KANDAHAR AIR FIELD - Dear Ms. Molly McGinn,
Greg Agnew/Times & Transcript
Soldiers were very appreciative of copies of Letters From Home, delivered by Times & Transcript editor Rod Allen in Afghanistan yesterday.
You are so right.
Folks, Molly is a teacher at Hillcrest School who asked her Grade 6-8 English Language Arts class to participate in our now successfully completed 'Letters from Home' project.'
They responded very well and we send this letter right back to them:
"Mission accomplished, kids. Your letters graced a display table at New Canada House, a gathering place for our soldiers here at KAF, but only briefly.
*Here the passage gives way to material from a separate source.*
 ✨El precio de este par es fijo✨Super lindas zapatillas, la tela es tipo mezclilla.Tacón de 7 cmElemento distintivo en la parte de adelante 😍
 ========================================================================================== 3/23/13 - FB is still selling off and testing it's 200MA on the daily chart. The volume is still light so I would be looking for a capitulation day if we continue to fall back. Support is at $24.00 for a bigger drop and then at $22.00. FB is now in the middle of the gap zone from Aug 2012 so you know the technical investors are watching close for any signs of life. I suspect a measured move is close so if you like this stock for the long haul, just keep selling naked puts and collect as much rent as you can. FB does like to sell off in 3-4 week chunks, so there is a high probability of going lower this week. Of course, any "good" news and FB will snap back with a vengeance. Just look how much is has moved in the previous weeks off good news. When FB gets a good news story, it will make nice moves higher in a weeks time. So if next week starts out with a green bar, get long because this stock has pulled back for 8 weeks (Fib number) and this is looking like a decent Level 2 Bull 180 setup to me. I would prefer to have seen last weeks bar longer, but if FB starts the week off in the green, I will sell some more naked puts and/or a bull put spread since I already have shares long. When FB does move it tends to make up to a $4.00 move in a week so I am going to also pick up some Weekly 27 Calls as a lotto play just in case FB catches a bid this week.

Our troops love these letters and snap them up. They keep them for luck.
A little more, a little later on Ms. McGinn and the children of Hillcrest School, and all the children and people from all over New Brunswick who wrote.
A letter also to Mr. Dan Strang of Malden: mission accomplished, sir; more or less."
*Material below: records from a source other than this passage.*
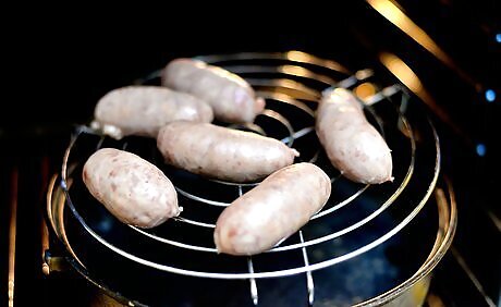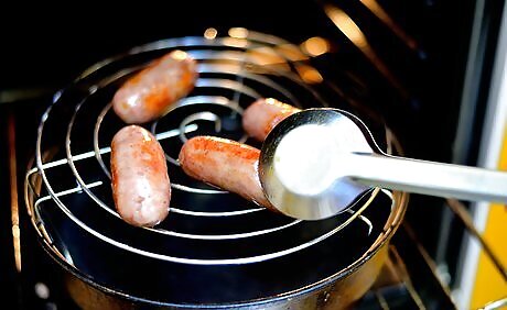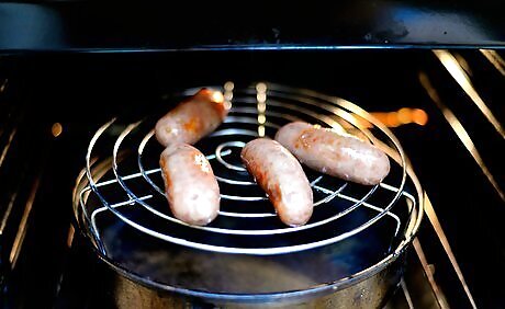Put brats on a broiler pan. Make sure there is a little room around each brat. Line them up to be perpendicular to the grates on the broiler pan. You can also use a cast-iron skillet instead of a broiler pan. Be sure to rotate the brats every 5 minutes to prevent them burning on one side.
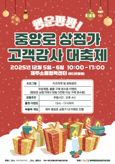 [뉴스앤톡] 제주시는 12월 5일과 6일 오전 10시부터 오후 5시까지 중앙로 상점가 일대에서 ‘행운팡팡! 고객감사 대축제’가 개최된다고 밝혔다.
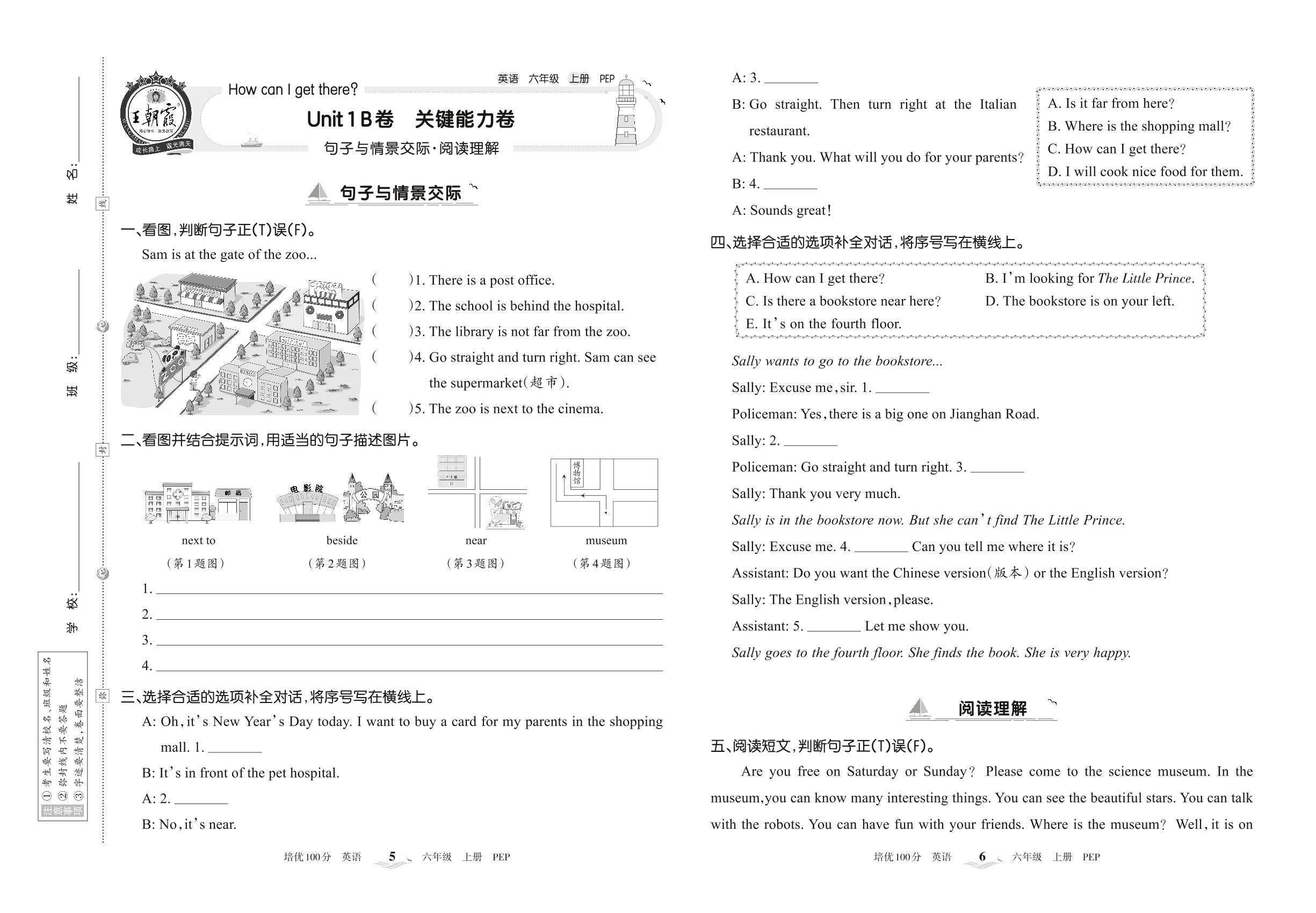 2022上册六年级英语人教PEP版 Unit 1 B卷 关键能力卷
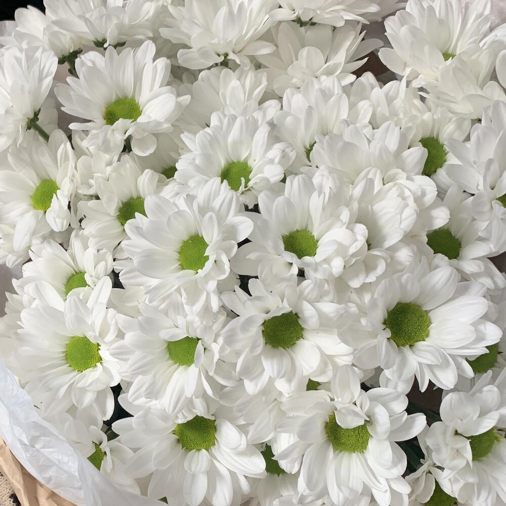 Букет из 7 белых кустовых хризантем в стильной упаковке
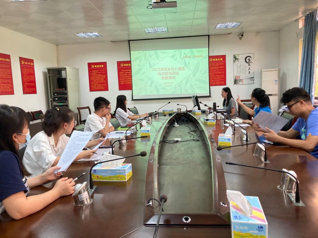 【中国77779193永利 讯】根据《教育部办公厅关于加强学生心理健康管理工作的通知》(教思厅函〔2021〕10号)要求,为进一步提高学生心理健康工作针对性和有效性,切实加强专业支撑和科学管理,着力提升学生心理健康素养。中国77779193永利于2022年10月26日下午在学院办公室501室开展2022年班主任心理危机识别与评估专题培训,该会议由心理辅导站站长叶青主持,党委副书记颜春萍和各班级班主任参加,共8人。

I did manage to track down (which is to say stumble upon) one of our Southeastern N.B. boys and it was a great pleasure to chat with military engineer David Hepditch about many things, including you. Don't worry it was all good.
A letter also to Mr. Joe Bonnevie of Moncton and all over Canada:
"Mission accomplished, sir; pretty much."
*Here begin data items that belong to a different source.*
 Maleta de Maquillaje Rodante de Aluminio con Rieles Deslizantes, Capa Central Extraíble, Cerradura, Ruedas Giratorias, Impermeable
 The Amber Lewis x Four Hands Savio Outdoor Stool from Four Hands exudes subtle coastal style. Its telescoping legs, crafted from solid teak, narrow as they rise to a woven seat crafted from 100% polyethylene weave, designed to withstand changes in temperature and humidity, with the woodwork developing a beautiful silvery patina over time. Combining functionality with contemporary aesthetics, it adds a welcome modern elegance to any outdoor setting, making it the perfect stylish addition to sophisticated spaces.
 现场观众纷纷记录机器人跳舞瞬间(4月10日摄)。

It was my great ambition to get your little teddy bear in Canadian military gear, whom I've named 'Joe,' out to one of the Forward Operating Bases our soldiers maintain out in the wild mountains beyond "the wire." But apparently there's a war on out this way and it didn't come off.
However, 'Joe' now guards the fort at another gathering place called Old Canada House in another Canadian neighbourhood of this enormous military city.
Joe sits by your wonderful Canadian flag signed by people from all over Canada during your nationwide bicycle tours and offers copies of 'Letters from Home,' a special edition of The Times & Transcript containing some of the letters all your fellow NBers sent to us.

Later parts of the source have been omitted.